MAPA DA ILHA DE MOÇAMBIQUE DE JAN HUYGEN VAN LINSCHOTEN, 1619

Imagem colorida e retocada por mim a partir de uma digitalização, dedicada ao pesquisador Dr. David Draper, que nas suas pesquisas sobre as rotas e o uso do café acabou um dia por visitar este blog.
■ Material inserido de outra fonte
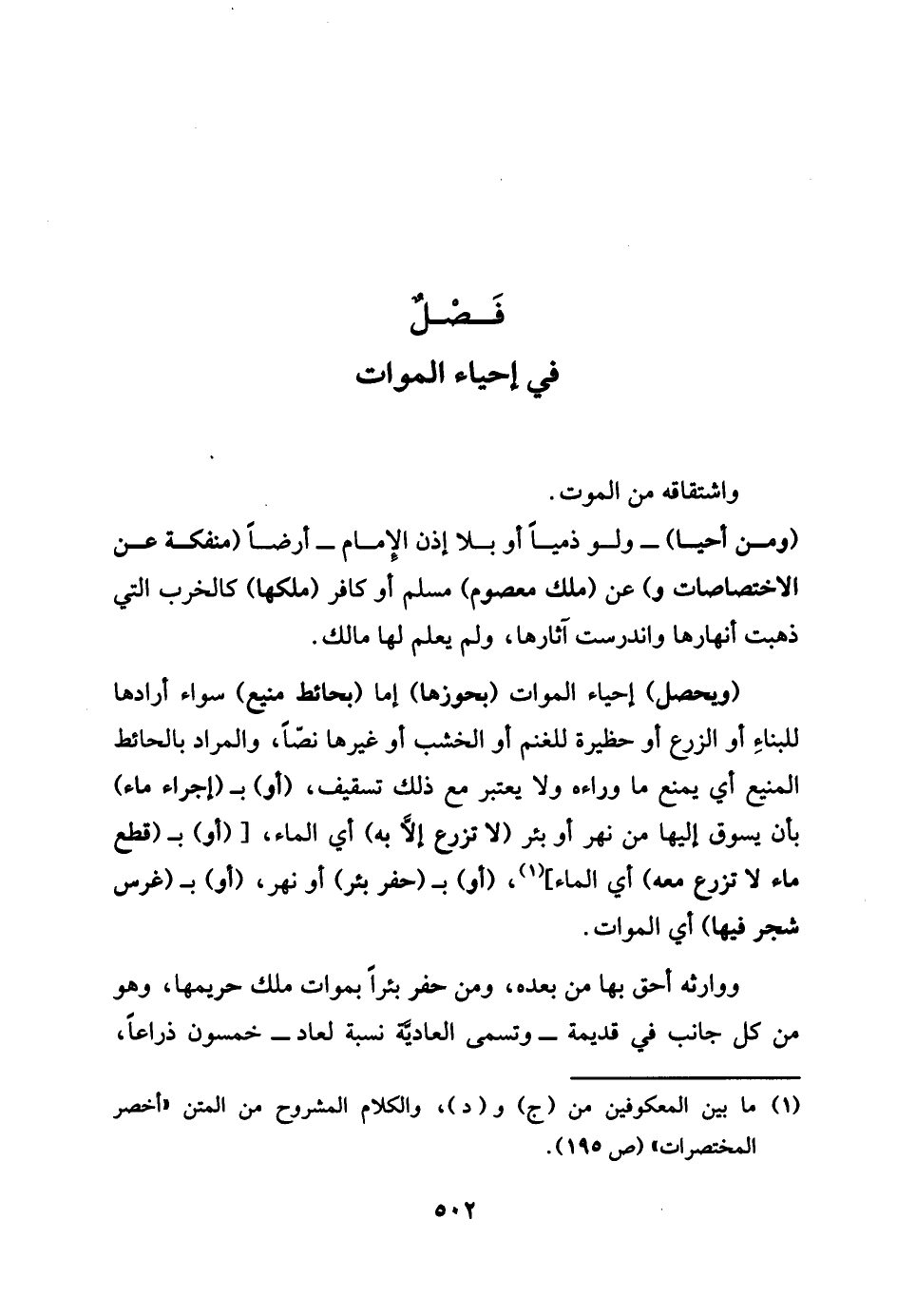 فِي إحْيَاء الْموَات. واشتقاقه من الْمَوْت وَمن أَحْيَا لَو ذِمِّيا أَو بِلَا إِذن من الإِمَام أَرضًا منفكة عَن الاختصاصات وَعَن ملك مَعْصُوم مُسلم أَو كَافِر ملكهَا كالخرب الَّتِي ذهبت أنهارها واندرست أثارها وَلم يعلم لَهَا مَالك وَيحصل إحْيَاء الْموَات بحوزها إِمَّا [بحائط منيع] سَوَاء أرادها للْبِنَاء أَو الزَّرْع أَو حَظِيرَة للغنم أَو الْخشب أَو غَيرهَا نصا. وَالْمرَاد بِالْحَائِطِ المنيع أَي يمْنَع مَا وَرَاءه وَلَا يعْتَبر مَعَ ذَلِك تسقيف أَو ب [إِجْرَاء مَاء] بِأَن يَسُوق إِلَيْهَا من نهر أَو بِئْر لَا تزرع إِلَّا بِهِ أَي المَاء أَوب قطع مَاء لَا تزرع مَعَه أَي المَاء [أَو] بِحَفر بِئْر أَو نهر أَو بغرس شجر فِيهَا أَي الْموَات.

Moçambique existe hoje como nação tal como é por causa da pequena Ilha com o mesmo nome e porque Vasco da Gama, um navegador ao serviço do então rei de Portugal, cerca de 1500, concebeu, correctamente, que este pequeno pedaço de terra seria absolutamente crítico para manter uma rota comercial entre a base em Portugal, e a Índia e o Extremo Oriente. Uma decisão que viria a ser estruturante para Portugal, a Europa e o Mundo – e Moçambique. Os portugueses daquela altura viriam a criar pontos de comércio semelhantes quase pelo mundo inteiro, nas costas de África, Arábia, Índia e Ásia, quebrando o secular monopólio e a Barreira Otomana e muçulmana que cingia o comércio entre a Europa e o resto do mundo. Mas se Goa era a Roma do Oriente, a Jóia e o centro de decisão, a Ilha de Moçambique, que seria gerida a partir da Índia portuguesa durante dois séculos e meio, era a Base Fundamental. Sem ela, e sem os outros arquipélagos pelo caminho (Açores, Madeira, Cabo Verde, São Tomé, etc) a Rota não podia ser mantida e protegida. E como tal, tinha que ser e foi sempre defendida. A sua fortaleza, criada nesse primeiro século de ocupação, viria a ser sempre inexpugnável, durante quase cinco séculos, até ao dia em 1975 em que foi entregue por uma guarnição portuguesa à Frelimo em 1975.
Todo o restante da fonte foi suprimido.